A recent Federal Court decision in Detik Ria Sdn Bhd v Prudential Corporation Holdings Limited & Anor [2025] MLJU 575 has underscored a crucial yet often overlooked aspect of share disposals: the need to verify and obtain prior regulatory approvals where required. The failure to do so may render an agreement void, regardless of the parties’ intentions or contractual safeguards.

Case Background

In 2002, Detik Ria Sdn Bhd (“Detik Ria”) entered into a Call/Put Option Agreement (“CPOA”) with Prudential Assurance (“Prudential”) which it subsequently exercised to effect the disposal of Detik Ria’s 49% stake in Sri Han Suria Sdn Bhd (“SHS”), the holding company of Prudential Assurance Malaysia Berhad (“PAMB”), a licensed insurer regulated under the (now-repealed) Insurance Act 1996.

The CPOA expressly stated that the transaction was conditional upon obtaining the approval of the Minister of Finance (MOF), as required under Section 67 of the Insurance Act 1996. Despite not obtaining the MOF approval, the parties proceeded to perform the agreement over several years whereby Detik Ria had received RM109 million in payments of the share sale proceeds from Prudential, while Prudential received over RM4.2 billion in dividends as the sole holder of Class A Preference Shares.

When Detik Ria subsequently sought to rescind the agreement due to the absence of MOF’s approval, Prudential maintained that the deal remained valid and enforceable.

Federal Court’s Findings

The Federal Court overturned the lower courts’ decisions and allowed Detik Ria’s appeal. Its findings were as follows:

Governing Law at Time of Contract

The relevant statutory regime was the Insurance Act 1996, not the later Financial Services Act 2013, as the CPOA had been executed prior to the latter’s enforcement. Under Section 67, the Ministry of Finance’s approval was mandatory for any transaction involving 5% or more of a licensed insurer’s shareholding.

The Court reaffirmed that the newer statute cannot be applied retrospectively to override the legal requirements in force at the time of the agreement.

Conditional Agreements Are Lawful — But Not Premature Execution:

While conditional agreements are permissible, the Court clarified that performance of the agreement before certain conditions are fulfilled (e.g. MOF approval) constitutes a breach of law.

In this case, the parties had substantially performed the CPOA despite the condition precedent not being satisfied, thus violating Section 67 of the Insurance Act. As a result, the agreement was held to be void ab initio and unenforceable.

Consequences

In applying Section 66 of the Contracts Act 1950 (dealing with restitution following a void agreement), the Court ordered both parties to restore each other to their pre-contractual positions:

  1. Detik Ria was required to refund the RM109 million received under the CPOA.
  2. Prudential Assurance was directed to return dividends and other gains attributable to the invalid transaction.

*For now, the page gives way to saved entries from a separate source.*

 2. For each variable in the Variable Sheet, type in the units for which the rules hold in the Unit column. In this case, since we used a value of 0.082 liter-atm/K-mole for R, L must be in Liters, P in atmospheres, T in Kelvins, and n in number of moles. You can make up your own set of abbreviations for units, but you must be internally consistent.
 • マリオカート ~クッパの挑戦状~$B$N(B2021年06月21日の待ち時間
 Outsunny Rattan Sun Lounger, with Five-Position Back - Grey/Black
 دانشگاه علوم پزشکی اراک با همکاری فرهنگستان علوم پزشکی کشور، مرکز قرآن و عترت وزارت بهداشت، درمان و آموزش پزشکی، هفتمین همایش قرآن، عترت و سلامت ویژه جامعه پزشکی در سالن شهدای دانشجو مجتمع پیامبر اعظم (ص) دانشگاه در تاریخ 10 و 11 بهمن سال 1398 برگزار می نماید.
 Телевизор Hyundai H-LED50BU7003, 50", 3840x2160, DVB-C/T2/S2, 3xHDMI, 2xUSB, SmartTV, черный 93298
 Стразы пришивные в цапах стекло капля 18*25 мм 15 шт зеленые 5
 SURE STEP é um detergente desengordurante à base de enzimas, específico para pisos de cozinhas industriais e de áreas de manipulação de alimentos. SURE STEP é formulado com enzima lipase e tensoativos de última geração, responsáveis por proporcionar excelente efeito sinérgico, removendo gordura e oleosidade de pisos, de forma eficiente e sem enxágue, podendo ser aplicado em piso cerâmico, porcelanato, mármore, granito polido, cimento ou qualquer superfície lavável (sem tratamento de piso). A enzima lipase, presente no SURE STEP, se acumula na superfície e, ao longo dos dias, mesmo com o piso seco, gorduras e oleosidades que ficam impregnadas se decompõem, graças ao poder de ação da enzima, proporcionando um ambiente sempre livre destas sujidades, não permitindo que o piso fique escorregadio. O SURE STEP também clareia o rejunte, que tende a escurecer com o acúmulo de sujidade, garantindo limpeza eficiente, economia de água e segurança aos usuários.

Implications for Businesses

This case serves as a powerful reminder that compliance with regulatory and contractual approvals must be addressed at the outset.

  1. Verify Approval Requirements Upfront: While not all share disposals require regulatory approval, there are certain specific industries or ownership thresholds that approvals may be mandatory (e.g. insurance, banking, telco, etc.). These obligations should be assessed early in the transaction process.
  2. Do Not Perform Until Conditions Are Fulfilled: Even if approvals are eventually obtained, any premature steps taken to perform the agreement may render it void. A conditional clause is not a shield if parties act before conditions precedent are met.

Final Thoughts

The Detik Ria decision is a timely reminder that compliance with approval requirements must never be treated as an afterthought. If an individual or business is entering into a share sale or structuring a joint venture that may involve regulated entities, it is important to identify upfront (i) whether approval is needed, (ii) who must provide the approval , and (iii) at what stage must the approval be obtained.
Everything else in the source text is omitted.